The convention moved through two days of tense suspense and excitement. During the routine business of organizing, whenever there was opportunity for a test vote, the original line-up continued firm.
This was discernible on the second day also, in the cheering and speeches accompanying the putting of Forsythe and Hammond in nomination for Governor. The neutrals were still standing in a firm bloc, waiting for Hammond’s statement.
Then, on the morning of the third day came the long awaited opportunity. The session opened with a motion that the convention proceed to ballot for Governor.
Before it was seconded, a Hammond adherent, as previously arranged with the presiding officer, arose, and after a brief eulogy of the sick man announced that he had just been informed by telephone that Mr. Hammond’s doctor had given permission to the patient to read his address to the convention over the radio that morning. He therefore moved that the convention extend this courtesy to Mr. Hammond as one of the nominees.
The motion was carried unanimously, and the time for the address set at ten thirty, one-half hour away. Then, in accordance also with agreement, the same privilege was sought and obtained for Forsythe, and his time set at twelve o’clock.
During the few minutes that remained before Hammond’s voice was due to be heard over the wire, there was an atmosphere of electric suspense in no wise mitigated by the blaring of the band which filled in the interval. In the sick man’s bedroom miles away, the doctor had just examined the patient and ordered every one else out of the room but himself and the nurse in order that the invalid speaker might be as little disturbed as possible.
Pale and trembling he sat propped up in the bed, his manuscript on a tray before him, and the telephone transmitter on an extension bracket at his lips. Downstairs his family and immediate friends were in front of the radio which would hurl back to them the speech he was about to send out.
In a voice deep and resonant in spite of his weakness he began his brief statement. The listeners below and the great crowds in the convention hall down in the city sat breathless.
After outlining his purposes toward the party in case he were selected, he summarized his finding in the water power problem in words eloquent for their simple clearness. Finally came the closing section in which he was to give his long awaited policy.
His councilors listening downstairs, who had worked with him over the manuscript, knew his suggestion for a long term nonpartisan commission by heart.
But as he began this section they heard words strangely unfamiliar.
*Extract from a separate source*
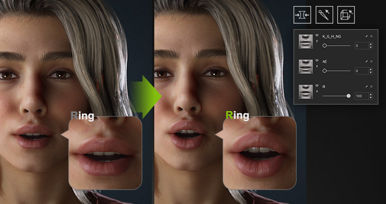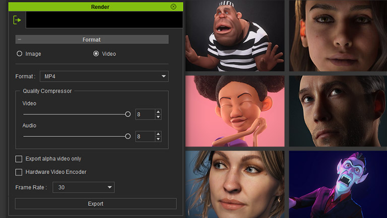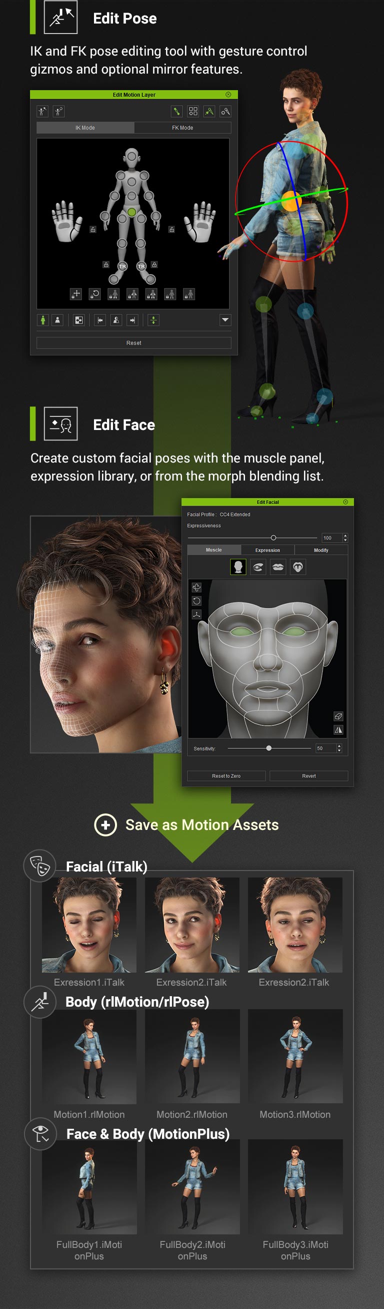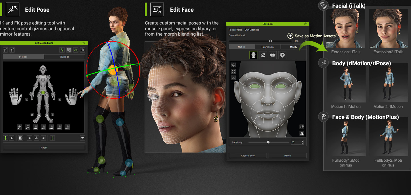 除了從動畫檔案中擷取選定的姿勢外,使用者還可以輕鬆建立自訂的臉部和身體姿勢。將結果儲存到動作庫中,透過轉盤顯示,渲染為高解析度媒體,或匯出為 OBJ。

They stared at each other in amazement. Down in the convention hall it was as though the assemblage had been struck by a bolt of lightning.
They heard Hammond, the supposed scientific progressive, deliberately proposing as his conclusions that the State keep its hands off the water power forever, and leave it in the grasp of the present private corporations. As his words ceased, it was evident that in a few brief sentences, Hammond had torn down all the esteem that he had built up, and with it his hopes of the nomination.
There was a moment of silence in the great hall, and then pandemonium broke loose. Boss Quaid and Barney Fogarty pounded each other on the backs and shouted with glee. Hammond had gone further than Quaid in his most arrogant moments had ever dared go.
“The guy’s gone crazy!” Barney roared.
“Barney, you’re right,” roared the big fellow.
In the Hammond farmhouse the doctor came out of the speaker’s room to face a horrified group.
“Doctor—has it been too much for him? Is he delirious?” Mrs. Hammond gasped.
“Oh, no; he’s all right. Seems to be a great relief to him to get it off his mind,” the doctor reassured her.
“But, doctor, you heard what he said at the last!” Hammond’s partner insisted. “Altogether different from what he’d planned.”
“Oh, I didn’t notice what he said,” the doctor told him calmly. “I was busy counting his heart beats.”